Ерофей Павлович вспомнил об этом разговоре и сказал сам себе:

   — Как бы не так! Не быть по-твоему, воевода.

   — Послушайте, сыны мои... — начал он говорить, пригласив обоих сыновей для доверительной беседы. — Отец ваш человек старый, хворый. Сколько мне ещё отпущено годков, одному Всевышнему ведомо. После меня останется великий долг казне. Коли, не успею восполнить его при жизни, долг ляжет на вас, ежели мы с вами живём одним хозяйством. Для вас, сыны мои, этот долг может оказаться непосильным. Давайте вместе подумаем, как избежать такого, как нам поступить.

Хабаров выдержал паузу. Сыновья помалкивали, ожидая решения отца.

   — Не догадываетесь, сыны, что я вам скажу?

   — Нет, отец, — ответил старший Андрей.

   — Не вижу из сего скверного дела выхода, кроме одного-единственного. Вы отделяетесь и ведёте самостоятельные хозяйства. Стало быть, перестанете считаться моими наследниками. Тогда моё долговое бремя вас никак не касаемо. Понятно?

   — Понятно, — ответил Андрей.

   — Тебя, Андрюха, как старшего сына, поверстаем в дети боярские по Илимску. Служи там усердно. А ты, Максимка, имеешь пристрастие к землепашеству.

   — Имею, батюшка, — ответил младший сын.

   — Дам тебе надел в Верхне-Киренской слободе. И обзаводись своим самостоятельным хозяйством. Меня проведывайте. Завсегда вам буду рад. Но наследниками моими уж не будете. Наследовать-то уже будет нечего...

Дальнейшая судьба сыновей Ерофея Павловича была такова. Андрей перебрался в Якутск и там при новом воеводе Большом Голенищеве-Кутузове начал свою казачью службу. Казаком стал впоследствии и сын Андрея, внук Ерофея Павловича, Михаил Хабаров, который от рядового казака дослужился до сотника. А Максим Хабаров оставался пахотным крестьянином слободы.

Вместе с Максимом уехала и его жена, которая вела хозяйство в семье Хабаровых, и Ерофей Павлович был вынужден подобрать себе новую стряпуху.
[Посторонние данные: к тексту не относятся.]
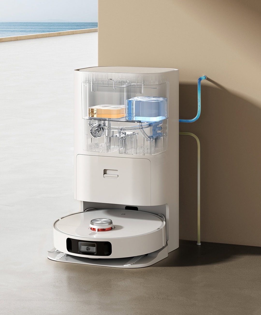 Bên cạnh chức năng hoạt động như một trạm sạc cho robot, thì phần dock đi kèm với robot còn hỗ trợ chức ănng tự động dọn dẹp bụi, giặt, sấy nóng và khử trùng khăn lau cho máy hút bụi. Người dùng cũng không cần phải thực hiện thủ công các thao tác thay nước hay đổ nước. Sau khi hoàn thành thao tác giặt sấy khăn lau, máy sẽ tự động đổ đầy nước vào thùng chứa nước thải. Ngoài ra máy cũng được thiết kế chống tắc nghẽn hiệu quả tránh việc hút bụi sẽ làm tắc nghẽn đường ống thải gây ảnh hưởng đến quá trình vận hành máy.

В середине 60-х годов умерла его жена Василиса. Перед смертью она почти совсем не принимала пищу, ослабела сильно и словно высохла, а вскоре тихо отошла в мир иной. Похоронили её в Усть-Киренском монастыре. Ерофей Павлович часто посещал могилу Василисы и проводил долгие беседы с настоятелем, старцем Гермогеном. Настоятель заглядывался на обширные владения Хабарова и исподволь склонял его перед кончиной стать иноком монастыря, а всё своё хозяйство завещать монастырской братии, однако Ерофей Павлович пока не решался что-либо ответить Гермогену.

После отделения сыновей и смерти жены Ерофей Павлович стал реже бывать в Хабаровке. Часть времени он проводил в монастыре, а часть — в Илимске, где встречался со старыми соратниками, возвращавшимися с Амура. По-прежнему живо интересовался обстановкой на Амуре и всё ещё мечтал вернуться туда.

Перейти на страницу:

Все книги серии Русские путешественники

Похожие книги

Дом учителя
Дом учителя

Мирно и спокойно текла жизнь сестер Синельниковых, гостеприимных и приветливых хозяек районного Дома учителя, расположенного на окраине небольшого городка где-то на границе Московской и Смоленской областей. Но вот грянула война, подошла осень 1941 года. Враг рвется к столице нашей Родины — Москве, и городок становится местом ожесточенных осенне-зимних боев 1941–1942 годов.Герои книги — солдаты и командиры Красной Армии, учителя и школьники, партизаны — люди разных возрастов и профессий, сплотившиеся в едином патриотическом порыве. Большое место в романе занимает тема братства трудящихся разных стран в борьбе за будущее человечества.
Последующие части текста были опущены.